[R-390] The radio machine, getting bit by the bug

wli wli98122 at yahoo.com
Fri Apr 15 20:06:22 EDT 2016


I was maybe 10 or so, when Dad came down to the basement and told me that "aeronautics was a dead end" and that I should stop building model planes. 

He bought me a two tube battery radio kit. It worked on its first try! I was hooked. That was 1949, and at the time there were many stores on Market Street in SF and in the Quonset huts at the Oakland Airport packed with gear. I recall seeing piles of ARC-5's up tho the ceiling for $3-$6. I still have some of them today. Then Korea came and even more stuff came in. It was an all-consuming hobby much to the detriment of my school grades. My buddies were smarter than I was, they all got their tickets… but I flunked x3. Back then EICO made the best quality kits, and today, I still have some, in use. Then, as now, I got hooked on SWL… spent countless hours listening to exotic far-off broadcasts. In the Service in the 60's, it was very interesting to compare CBS-NBC-ABC news to what was broadcast on the foreign stations. The difference was most instructive! At that time, my main receiver was a BC-358C. The other one was a pair of ARC-5's using one as a Q5'er. Never occurred to me that I could have used the 2nd harmonic of the BC-453  local oscillator to directly access the 915KC IF of the BC348 as was described in Radio & TV News in the September 1951issue… and re-explained in ER in 2014.

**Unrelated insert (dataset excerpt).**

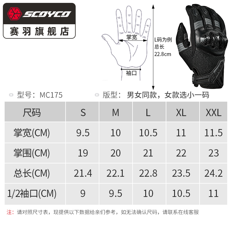 赛羽SCOYCO摩托车骑行骑士手套全指触屏赛车防摔机车夏季男MC175

The  family patriarch ran everything back then, so when I came of age (18) he ordered me to go into medicine. Nevertheless, I continued to accumulate and build gear whenever the opportunity presented itself. Once I retired, I have regressed back to the 50's and have been a "tube-lover" until the present. The wife is appalled at my collection of Army-Navy BA's. As far as I am concerned, this hobby is far more interesting and challenging, than playing bridge, golf, or sitting around watching TV.